* [COLLECTED MATERIAL]
------------------------------------------------------------------------

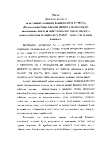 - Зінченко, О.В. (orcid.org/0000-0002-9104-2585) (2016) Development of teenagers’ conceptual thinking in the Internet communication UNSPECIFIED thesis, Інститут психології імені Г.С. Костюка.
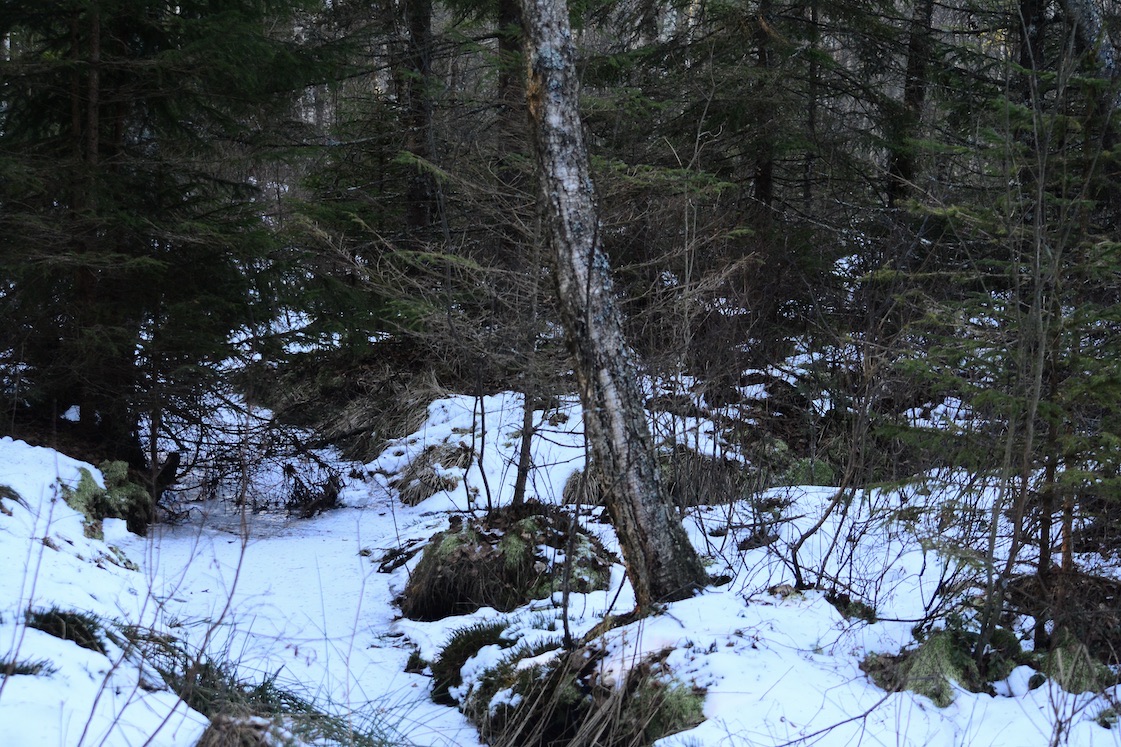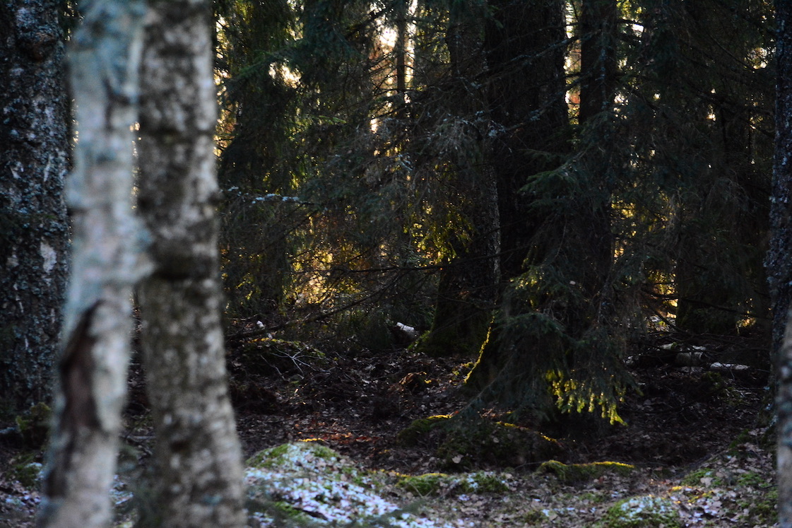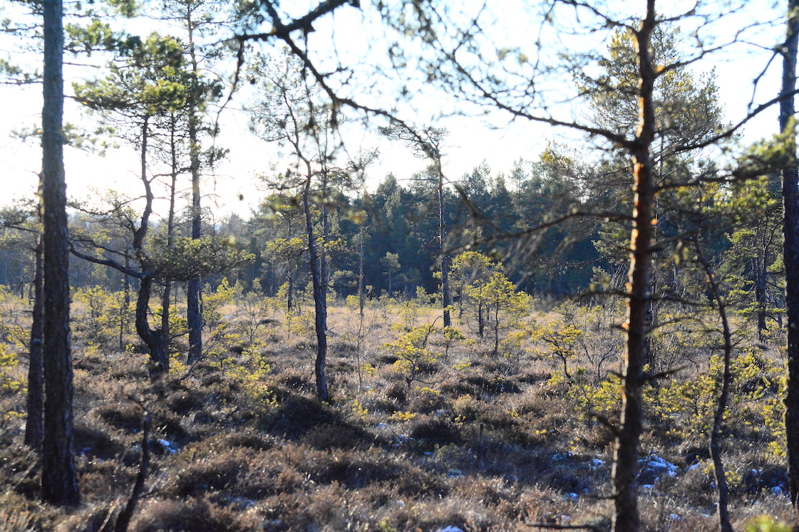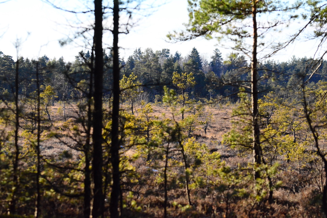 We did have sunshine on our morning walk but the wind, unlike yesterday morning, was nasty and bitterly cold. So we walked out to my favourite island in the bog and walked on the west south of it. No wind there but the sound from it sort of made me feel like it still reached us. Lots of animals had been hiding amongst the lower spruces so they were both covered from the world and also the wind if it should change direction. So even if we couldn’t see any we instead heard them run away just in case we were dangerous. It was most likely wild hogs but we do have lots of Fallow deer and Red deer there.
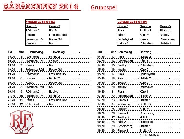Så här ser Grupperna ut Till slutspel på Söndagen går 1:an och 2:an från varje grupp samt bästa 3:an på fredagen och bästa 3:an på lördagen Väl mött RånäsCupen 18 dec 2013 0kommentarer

------------------------------------------------------------------------

* [TASK REQUIREMENTS] Please repeat every line from the listing above exactly as it appears. Drop the pictures.

* [EXERCISE SOLUTION]
 - Зінченко, О.В. (orcid.org/0000-0002-9104-2585) (2016) Development of teenagers’ conceptual thinking in the Internet communication UNSPECIFIED thesis, Інститут психології імені Г.С. Костюка.
 We did have sunshine on our morning walk but the wind, unlike yesterday morning, was nasty and bitterly cold. So we walked out to my favourite island in the bog and walked on the west south of it. No wind there but the sound from it sort of made me feel like it still reached us. Lots of animals had been hiding amongst the lower spruces so they were both covered from the world and also the wind if it should change direction. So even if we couldn’t see any we instead heard them run away just in case we were dangerous. It was most likely wild hogs but we do have lots of Fallow deer and Red deer there.
Så här ser Grupperna ut Till slutspel på Söndagen går 1:an och 2:an från varje grupp samt bästa 3:an på fredagen och bästa 3:an på lördagen Väl mött RånäsCupen 18 dec 2013 0kommentarer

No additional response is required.